Le consultant leva un sourcil déprimé et réprobateur :
-Vous croyez vraiment que je vous traiterais comme ça si vous n'étiez qu'un jouet ?
L'autre pencha la tête sur le côté, réfléchissant.
-Comment, « comme ça » ?
-Je vous ai offert un piano, je vous laisse avoir votre flingue, je n'ai pas de snipers qui braquent leurs fusils sur vous, je ne vous ai pas non plus bardé d'explosif, je ne vous ai pas encore touché contre votre gré et je vous attends.

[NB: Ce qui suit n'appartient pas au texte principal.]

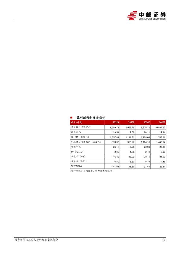 盈利预测及投资建议: 我们考虑到公司处于调整期,下调公司盈利预测,预计 23-24 年公司归母净利润分别为 9.4 亿元/11.6 亿元,对应 PE 分别为 48 倍、 39 倍。公司具备扎实研发实力,多业务协同发展,看好后续表现,维持“买入”评级。

Qu'est ce qu'il vous faut de plus ?
-Et vous me le dites comme ça ?
-Pourquoi pas ? Après tout, vous allez sûrement encore oublier, alors…
Il était amer, l'inspecteur s'assit doucement dans l'autre fauteuil, caressant toujours Jimmy.
-Comment ça a démarré ?
Le criminel lui fit un bref résumé du chapitre un.
-Et pourquoi vous étiez venu ?
-Parce que vous êtes la seule personne à être venu mettre des fleures sur ma tombe quand je suis « mort ».
-Ah oui, ça je m'en souvient.
-Et vous, pourquoi vous étiez venu, demanda t –il, pour essayer d'oublier ses idées noires ?
-Parce que je voulais voir à quoi ressemblait la tombe du plus exubérant criminel du siècle prétendument inventé par Sherlock… J'ai été déçu, d'ailleurs… Je m'attendais à… Je ne sais pas, du marbre fluorescent ? C'était tout triste, et puis aller voir celle de Sherlock m'aurait trop plombé le moral.
-Et les autres fois ?
-J'ai ramené des fleures pour mettre un peu de couleur, et puis tant qu'a faire, je suis revenu pour m'en occuper et prier.
-Prier ? Pour qui ? Pour Sherlock ?
Le concept de prier le dérangeait en lui-même, mais là, il était juste sur le point d'aller ouvrir la fenêtre et de sauter pour de vrai.
-Au début, oui. Et puis pour vous aussi. Pour que vous ne foutiez pas le bordel en enfer, puisque que je vais sûrement y passer quelques temps, et puis pour que vous soyez heureux au moins dans l'autre monde. Pour le repos et la paix de votre âme, quoi. Mais puisque que vous êtes vivant, ça ne servait à rien.
James détailla longuement le policier en face de lui.
C'était… ce qu'il venait de dire, c'était que… M'enfin ? !
Il était presque choqué.
Personne ne lui voulait du bien ! Encore moins qu'il soit heureux ! Sauf peut-être Moran, mais lui… Il avait les mêmes intérêts que lui. Tous les autres avaient au moins cinq bonnes raisons de vouloir sa mort et qu'il aille pourrir dans le tartare ! Et Lestrade faisait partie de ses gens là, en 2012 ! Et en 2015 aussi ! … Il le surprenait toujours.
-Vous savez, inspecteur, commença t-il, je suis resté six mois dans le coma. Quand je me suis réveillé, Sherlock était revenu, Moran en prison sous haute surveillance et maintenu en vie par les agents de Mycroft Holmes, j'avais énormément de choses à faire, remettre en ordre mon monde personnel, faire évader le colonel… C'est lui qui m'a dit qu'il avait vu des fleures sur ma tombe. Des pensées de toutes les couleurs… Ça m'a intrigué, alors j'ai regardé. J'ai piraté six mois de caméras pour voir qui, finalement ? Vous. Je dois dire que c'est une découverte qui m'a surprit. Mais qui d'autre ? … Je me suis promis de vous le rendre un jour, mais, c'est triste à dire, il régnait encore un certain désordre dans mes affaires, et je vous ai oublié pendant un an. Et puis les affaires ont reprit avec Sherlock, dans la clandestinité, et vous m'êtes revenu à l'esprit. Je vous ai envoyé des roses blanches, mais vous les avez rendues en croyant à une erreur. Bon, je n'avais pas mit de carte.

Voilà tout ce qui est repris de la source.